Lawmakers are ramping up regulations on the marketing of substance use disorder treatment programs with recently passed legislation such as the Eliminating Kickbacks in Recovery Act. New laws on the books are aimed at cracking down on patient brokering, fraud and improper referrals, but even the lawmakers who wrote the bills admit some of them were written in haste, opening the door for unintended—and severe—consequences.

It’s an increasingly complicated minefield for providers to navigate. To help provide some guidance, Paul Gomez, principal and chair of the Polsinelli Behavioral Health Law Group, Mark Hardiman, founder and partner at Nelson Hardiman LLP, and Rick Rifenbark, principal at Polsinelli, will share strategies for providers to protect themselves from fraud allegations and more during the Treatment Center Executive and Marketing Retreat next month in New Orleans.

Ahead of the session, Gomez spoke with Behavioral Healthcare Executive about EKRA, mistakes addiction treatment marketers are making, and ways in which they can limit their legal liability.

(Editor’s note: This interview has been edited for length and clarity.)

Can you discuss some of the most notable laws passed within the past year or two that have the biggest impact on the business practices of addiction treatment center marketers?

What the Eliminating Kickbacks in Recovery Act does that will be of particular interest to TCEM attendees is put at risk a lot of marketing arrangements and other arrangements that behavioral healthcare facilities have entered into. If you analyzed these even just a few years ago, they posed little-to-no risk from a compliance standpoint. Many of those may now pose a significant liability because of this new law.

A lot of these laws, especially EKRA, appear to have been passed through on a fairly rushed basis. There are a lot of pieces of that legislation that are ambiguous. It’s not entirely clear if certain errors were made because of the rushed nature in which the legislation was passed.
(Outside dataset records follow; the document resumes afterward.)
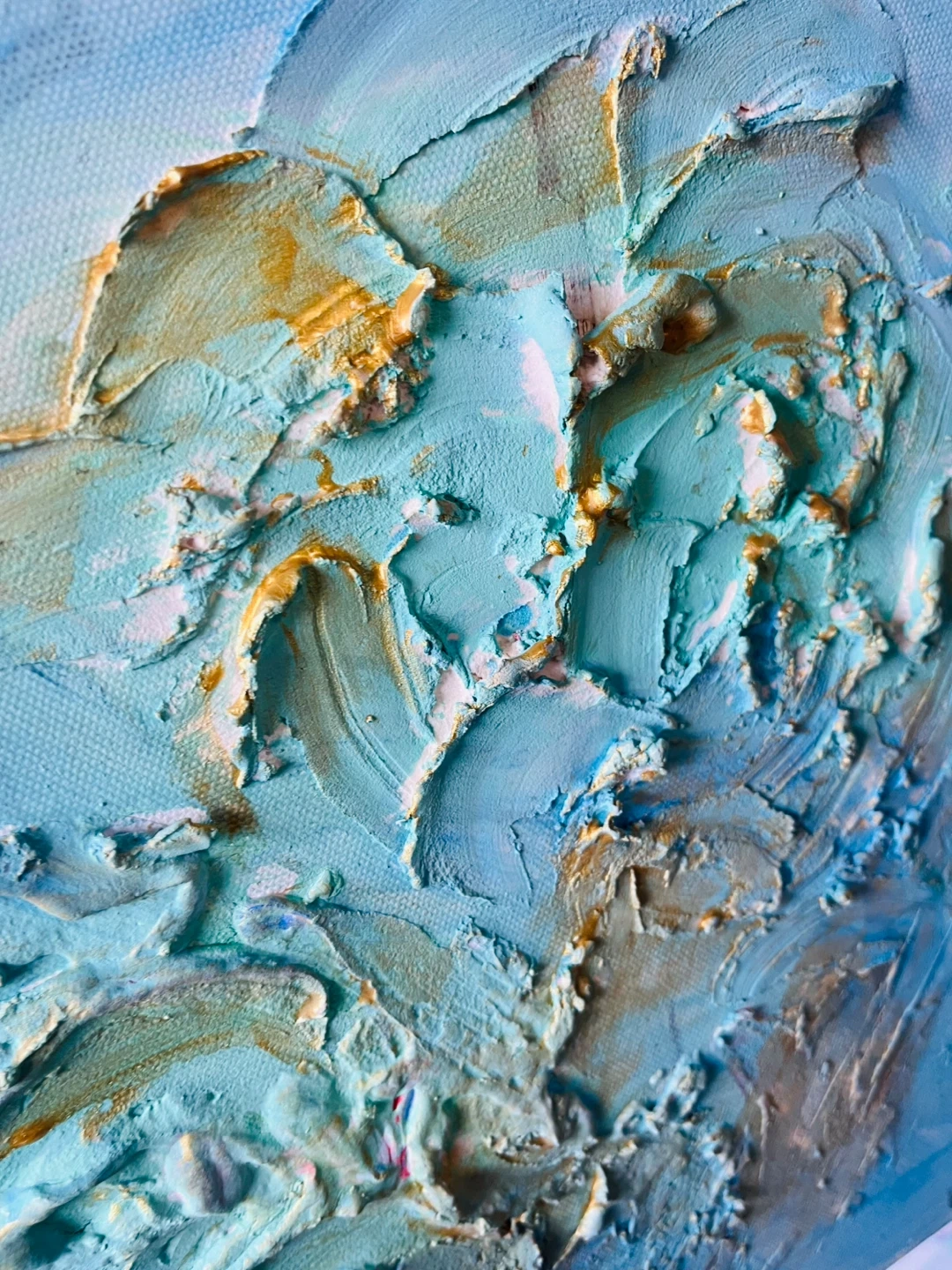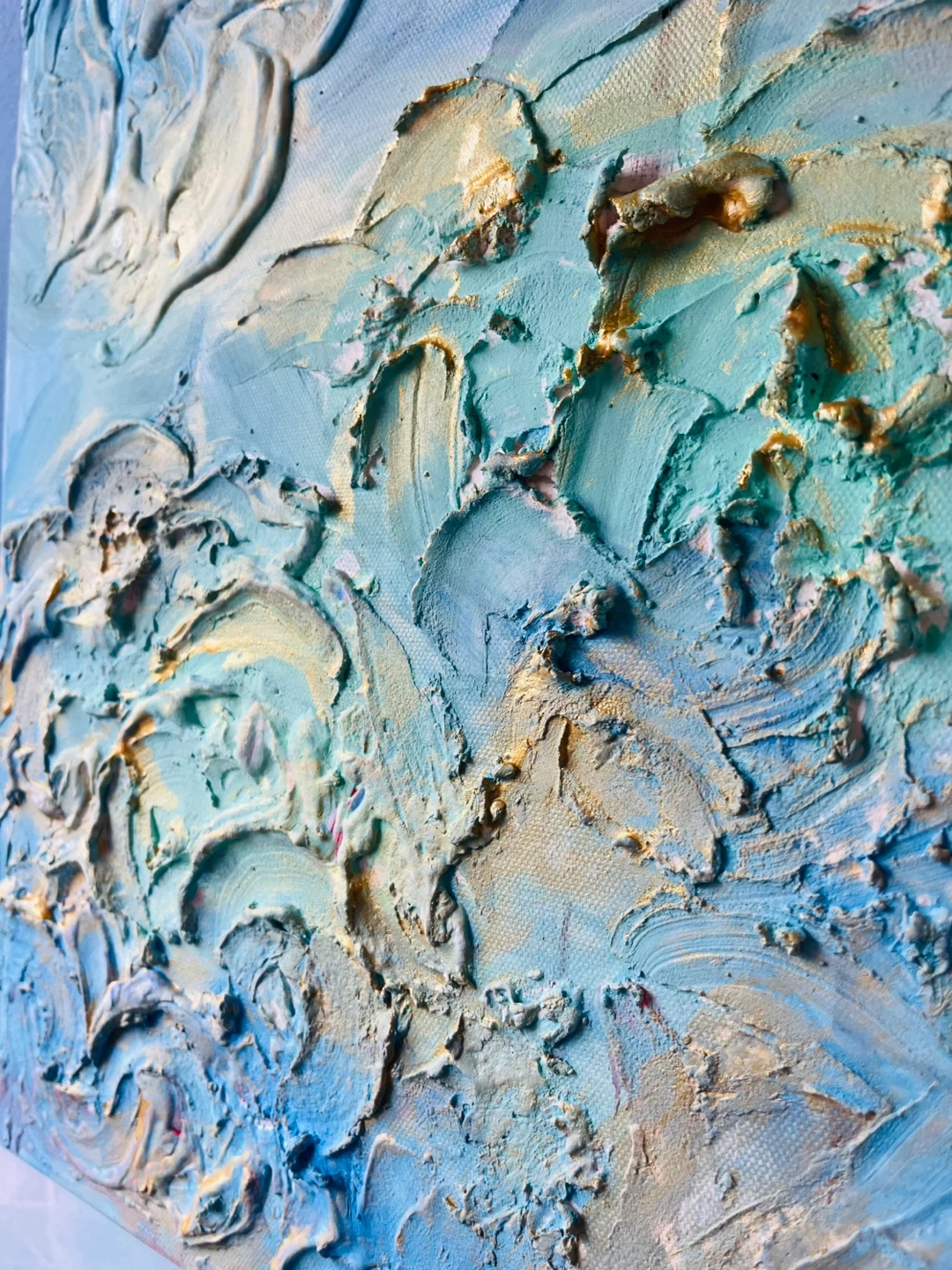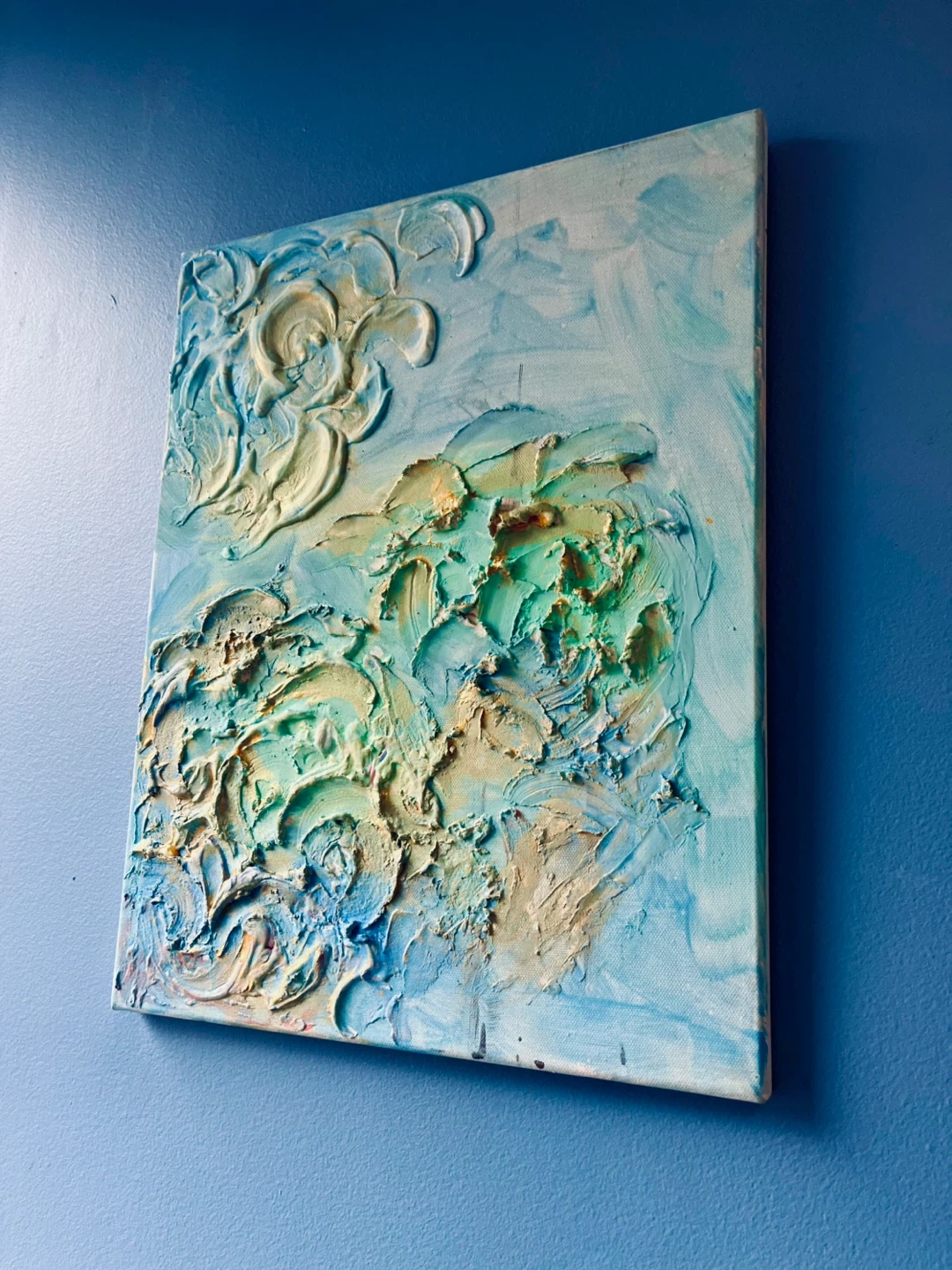 Textured abstract art piece with pastel blue, teal, and gold accents. Heavy impasto technique used for a rich, dimensional effect. Canvas measures approximately 12x16 inches.
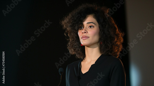 © Iva, Fototapeta premium Woman with thick curly hair stands on the stage as a speaker, ai generative
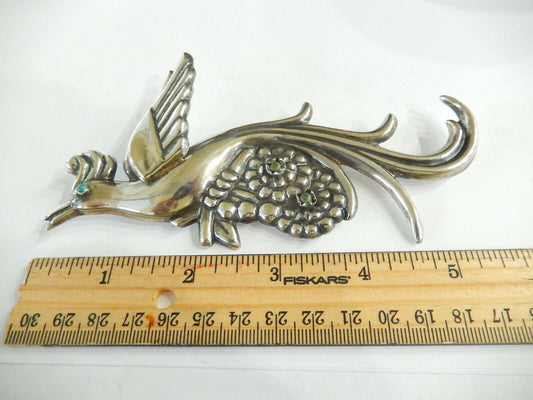 *RARE VINTAGE* HUGE 1940S MEXICO STERLING SILVER PEACOCK PIN BROOCH 5.75" x 3"
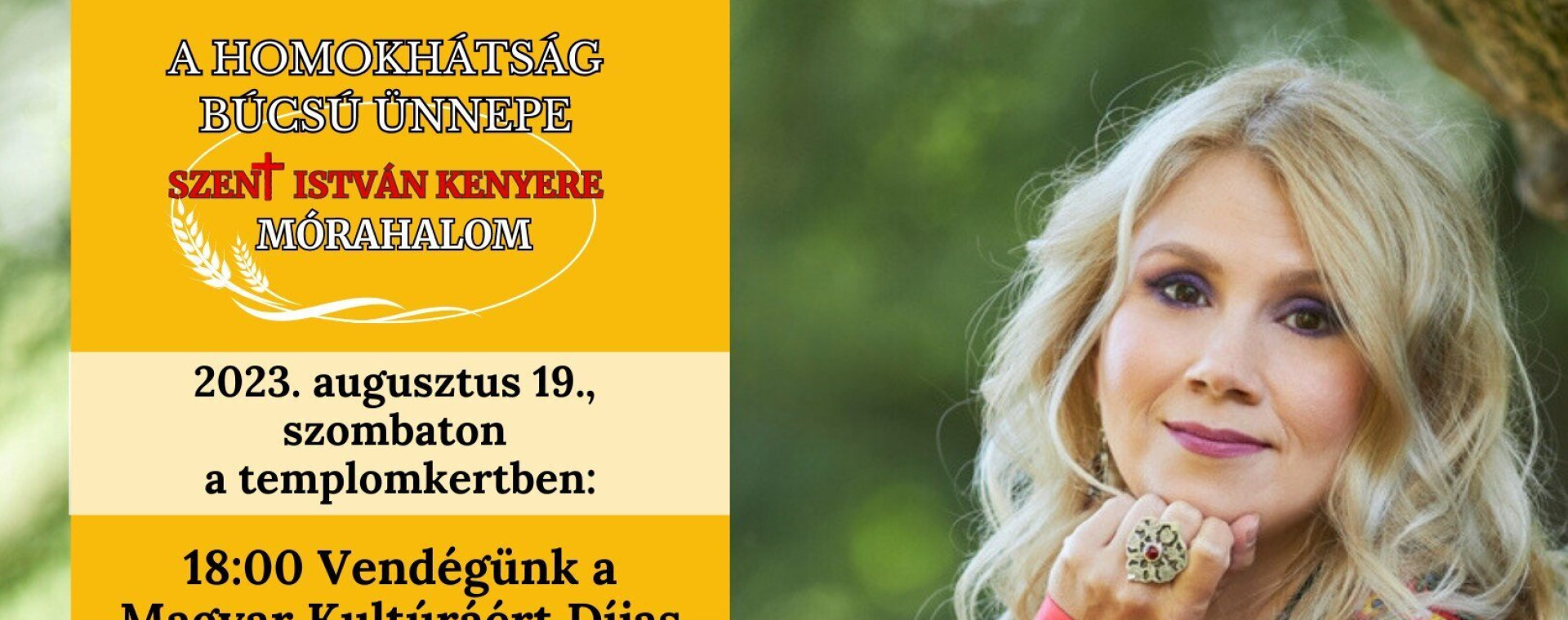 A népzene és világzene műfajának egyik legismertebb, szakmailag is elismert előadója, Kovács Nóri énekesnő lesz a Homokhátság Búcsú ünnepének egyik kiemelt vendége.
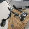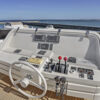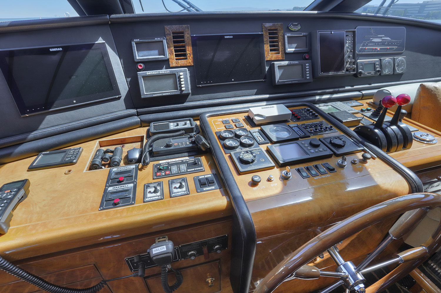 As for the comprehensively equipped dash, it includes a full array of recently upgraded navigation and communication electronics. To name a few, the dash contains a new dual SIMRAD GPS displays, Raytheon Raychart monitor with JRC GPS differential receiver, and much more, all flush-mounted in an over-sized dashboard along with the engine instruments.
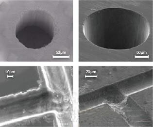 圖1:使用納秒激光器(左圖)和使用近紅外(NIR)飛秒激光器(右圖)對玻璃進行激光加工示例。
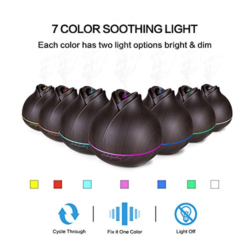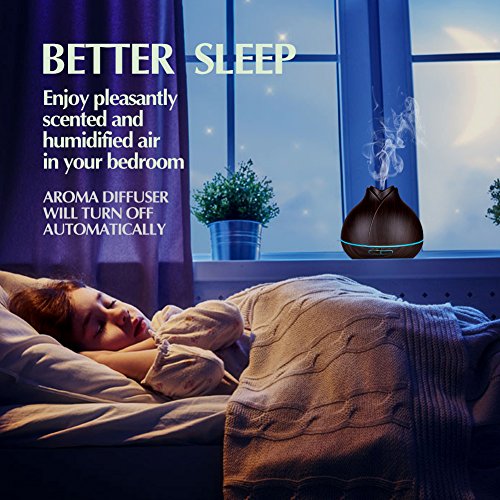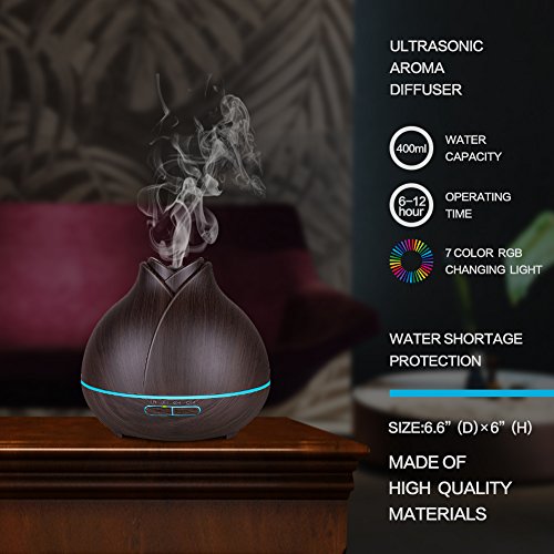 400ML LARGE CAPACITY & WATERLESS AUTO-OFF: The essential oil diffuser features a 400ml (13.6 ounces) water tank, providing up to 12 hours mist time. Automatically shut off when there is no sufficient water. Comes with one year money back WARRANTY.
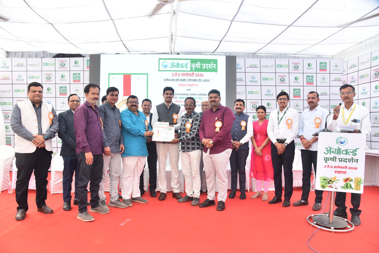 शहादा येथील नवीन बस स्टँड समोरील मैदानावर आयोजित ‘ॲग्रोवर्ल्ड कृषी प्रदर्शन २०२६’ मध्ये ३ जानेवारी रोजी हा पुरस्कार वितरण सोहळा पार पडला. हा प्रतिष्ठेचा पुरस्कार नंदुरबार जिल्हा परिषदेचे मुख्य कार्यकारी अधिकारी (CEO) मा. श्री. नमन गोयल साहेब यांच्या शुभहस्ते प्रदान करण्यात आला. याप्रसंगी कार्यक्रमाचे आयोजक आणि ॲग्रोवर्ल्डचे संचालक श्री. शैलेंद्र चव्हाण तसेच कृषी क्षेत्रातील विविध नामांकित कंपन्यांचे डायरेक्टर आणि पदाधिकारी उपस्थित होते.
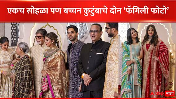 Bachchan Family : अनंत अंबानी (Anant Ambani) आणि राधिका मर्चंट (Radhika Merchant) यांच्या लग्नसोहळ्यासाठी बॉलीवूडमधली अनेक मंडळी ही सहकुटुंब उपस्थित होती. अनेकांनी यावेळी फॅमिली फोटो काढत सोशल मीडियावर चांगलच वातावरण निर्माण केलं. पण एका फॅमिली फोटोची मात्र सोशल मीडियावर बरीच चर्चा सुरु आहे. अमिताभ (Amitabh Bachchan) आणि जया बच्चन (Jaya Bchcha) यांच्या फॅमिली फोटोमुळे पुन्हा एकदा एका वेगळ्याच चर्चांना जोर आलंय.
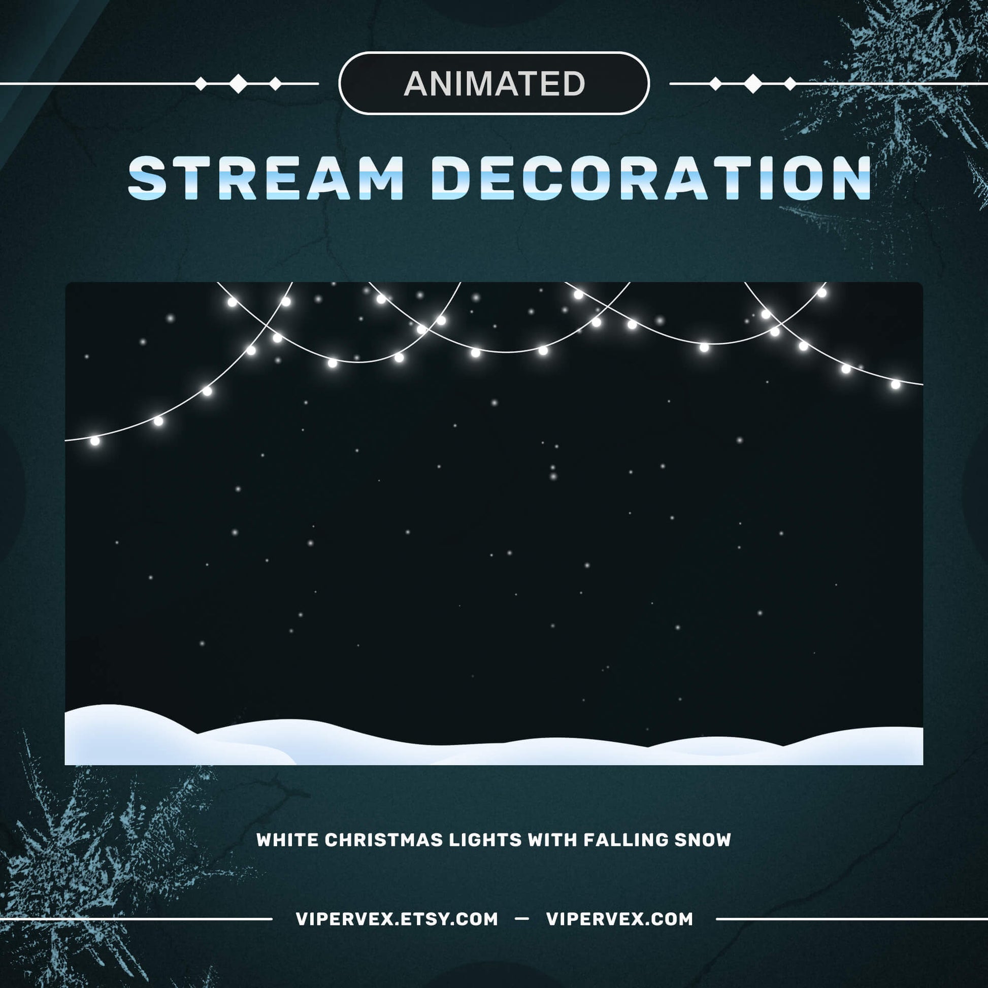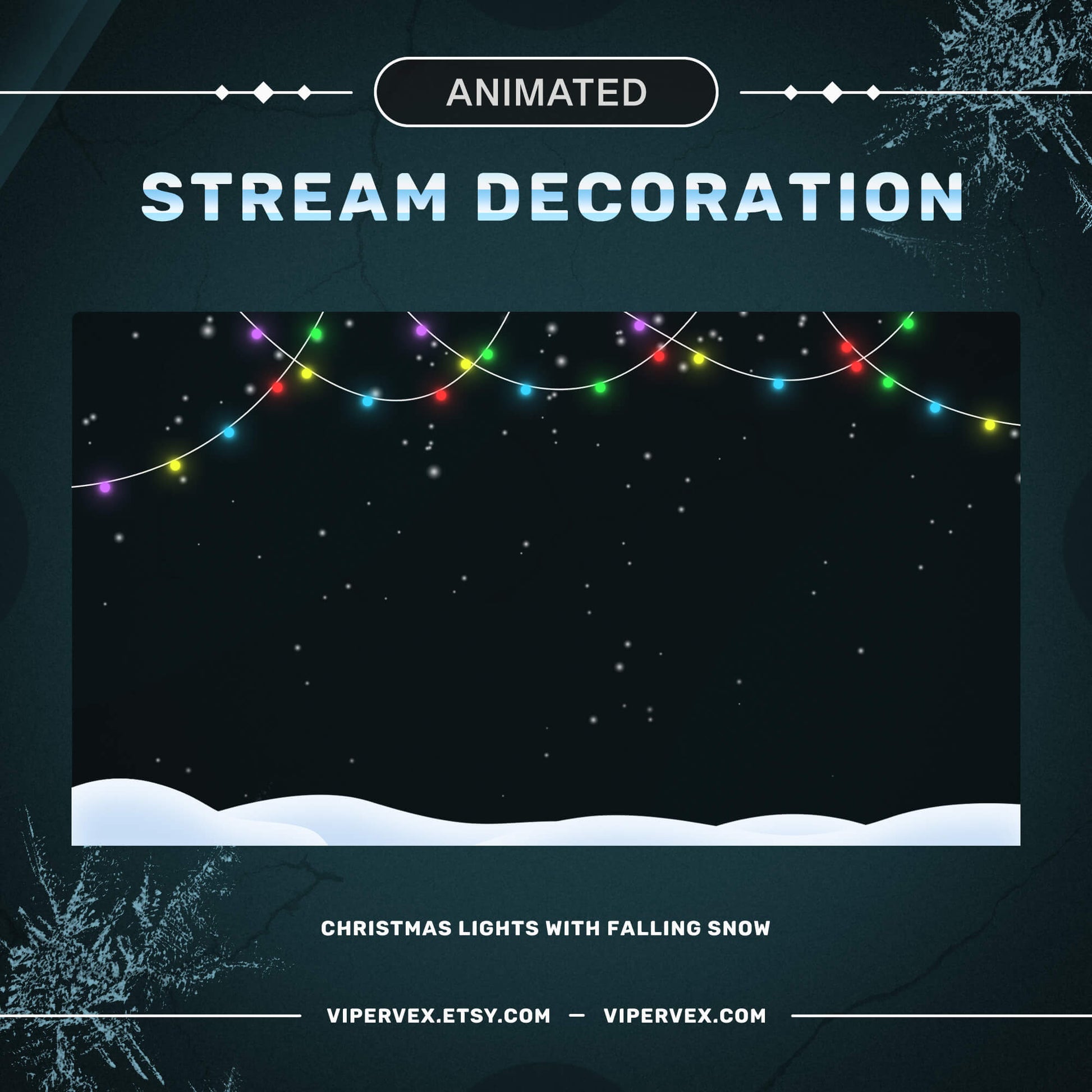 Christmas Lights Stream Decoration With Falling Snow, Winter Twitch Overlay, Cozy Vtuber Screen, Christmas Twitch Overlay

There is even some recognition on the part of the politicians passing the laws that they were probably rushing these through and there might be unintended consequences and some need for fixes. This puts behavioral health providers in a precarious position in some ways because the laws are ambiguous in some respects, there’s not a lot of guidance or interpretive enforcement history to get a better handle on how these laws will be enforced and what really falls within their scope. But the potential liabilities if you’re found to be in violation are severe. That suggests behavioral health providers should take a careful look at the arrangements they’re involved in with all of that in mind and approach it with a sound strategy about how they respond in light of the current situation. It’s not a great position to be in.

We think there is going to be more guidance and change coming up. In the meantime, providers have to deal with the landscape they are presented with. You have to make some careful considerations about what you do.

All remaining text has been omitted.